>>>
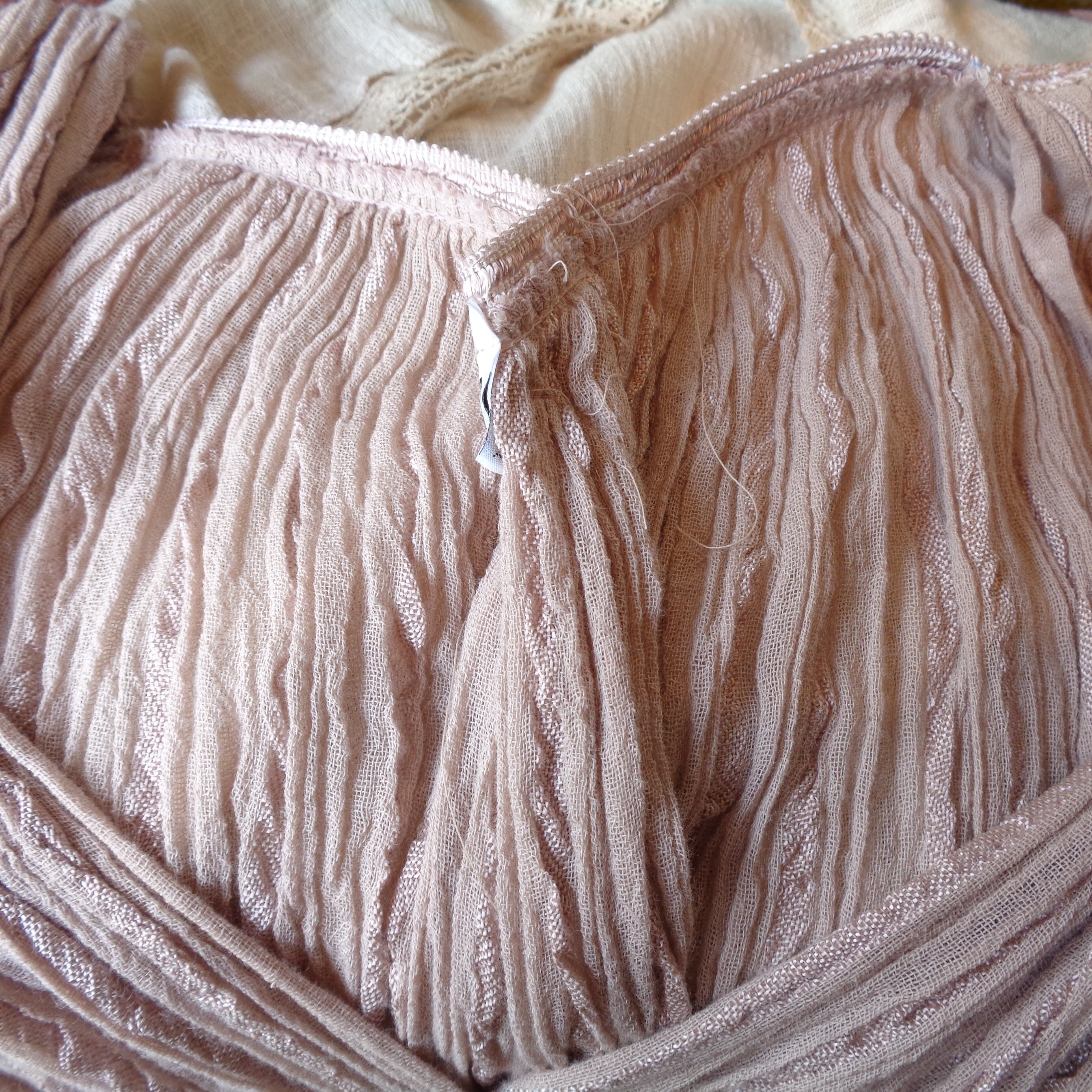 こちらの商品は後ろ見頃にサイズ調整のリペア跡、花刺繍に多少のほつれがございます。
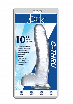 Firm yet pliable, this clear dong is a dream to squeeze and flexible enough to stay comfortable during rougher sessions. The strong suction cup base lets you play hand free with any smooth and flat surface –secure this transparent shaft and get down to business without it slipping or falling over. The suction cup base also makes this thick dick compatible with most strap on harnesses so you can peg or be pegged with a thick, dependable dong whenever the mood strikes.
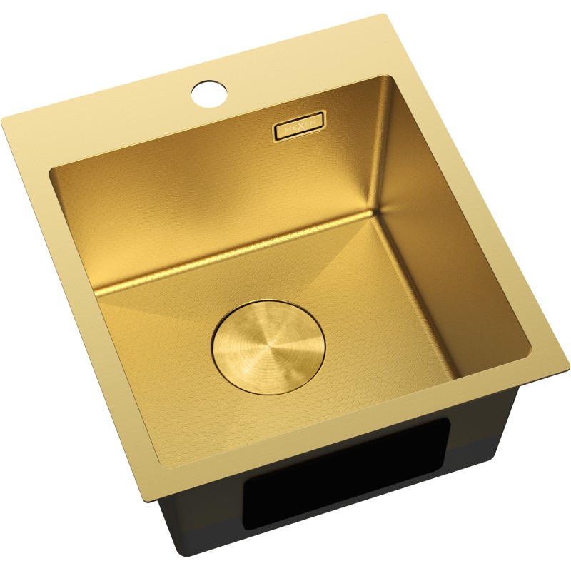 Špecifikácia produktu: Rozmer: 400x450x200 mm Hĺbka drezu: 200 mm Rozmery drezu: 350x350 mm Hrúbka oceľového hrán drezu: 3 mm Hrúbka oceľového hrán drezu: 1 mm Polomer zaoblenia rohov drezu: Typ1-2 Materiál: Nerezová oceľ AISI 304 Farba: Zlatá Povrch: Voština Povrchová úprava sifónu: Zlatá Otvor pre prepad: Áno Otvor pre batériu: Áno Ručný sifón s odpadkovým košom a zátkou Prídavný kryt odtoku Skrytý otvor pre prepad Zvukovo izolačné rohože k drezu Odolnosť voči vysokým teplotám a tepelným šokom Ľahko čistiteľný povrch
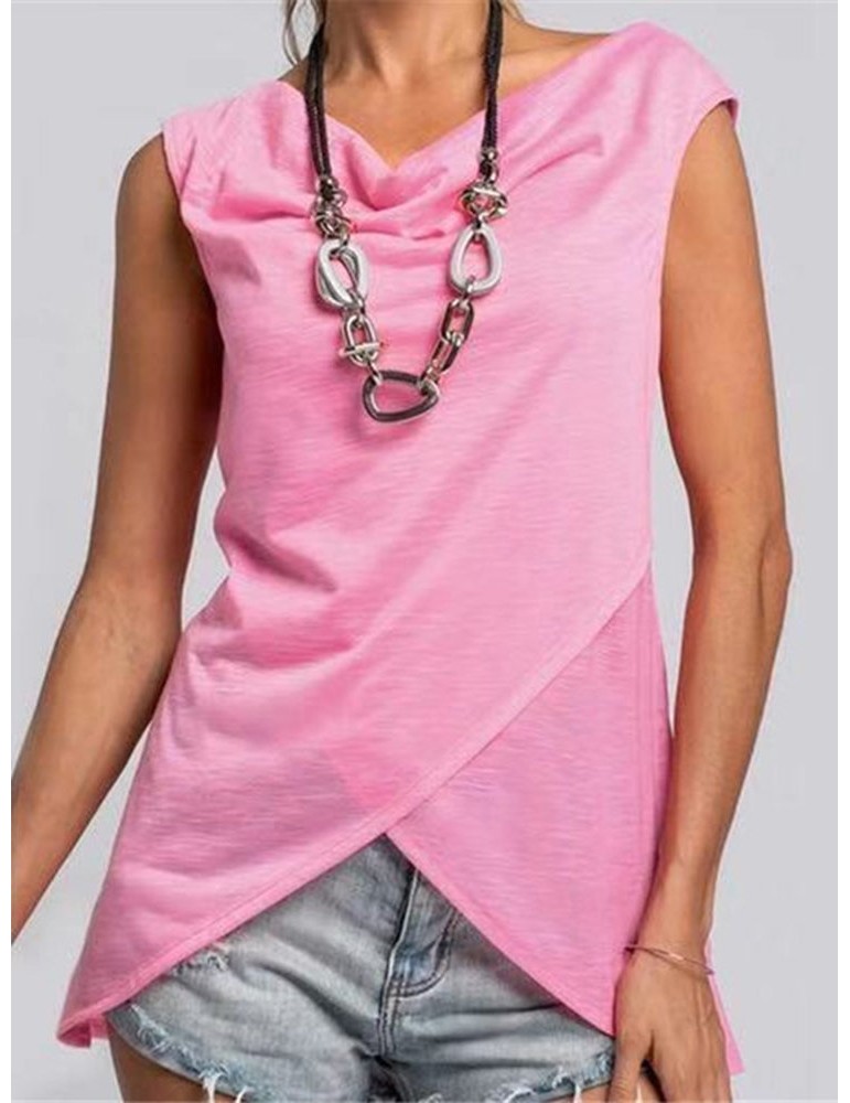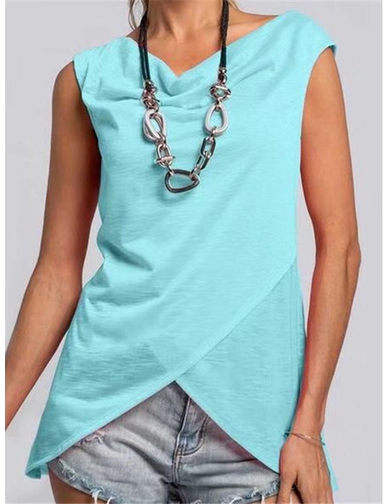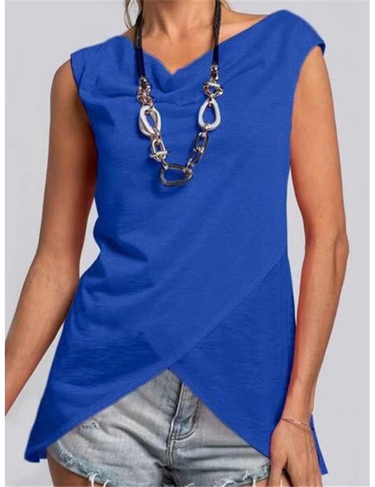 Asymmetrical Hem Sleeveless Solid Color Casual T-Shirt
<<<
TASK TO COMPLETE: In your copy, restate the data above word for word but leave out any picture.

RESULT BELOW:
 こちらの商品は後ろ見頃にサイズ調整のリペア跡、花刺繍に多少のほつれがございます。
 Firm yet pliable, this clear dong is a dream to squeeze and flexible enough to stay comfortable during rougher sessions. The strong suction cup base lets you play hand free with any smooth and flat surface –secure this transparent shaft and get down to business without it slipping or falling over. The suction cup base also makes this thick dick compatible with most strap on harnesses so you can peg or be pegged with a thick, dependable dong whenever the mood strikes.
 Špecifikácia produktu: Rozmer: 400x450x200 mm Hĺbka drezu: 200 mm Rozmery drezu: 350x350 mm Hrúbka oceľového hrán drezu: 3 mm Hrúbka oceľového hrán drezu: 1 mm Polomer zaoblenia rohov drezu: Typ1-2 Materiál: Nerezová oceľ AISI 304 Farba: Zlatá Povrch: Voština Povrchová úprava sifónu: Zlatá Otvor pre prepad: Áno Otvor pre batériu: Áno Ručný sifón s odpadkovým košom a zátkou Prídavný kryt odtoku Skrytý otvor pre prepad Zvukovo izolačné rohože k drezu Odolnosť voči vysokým teplotám a tepelným šokom Ľahko čistiteľný povrch
 Asymmetrical Hem Sleeveless Solid Color Casual T-Shirt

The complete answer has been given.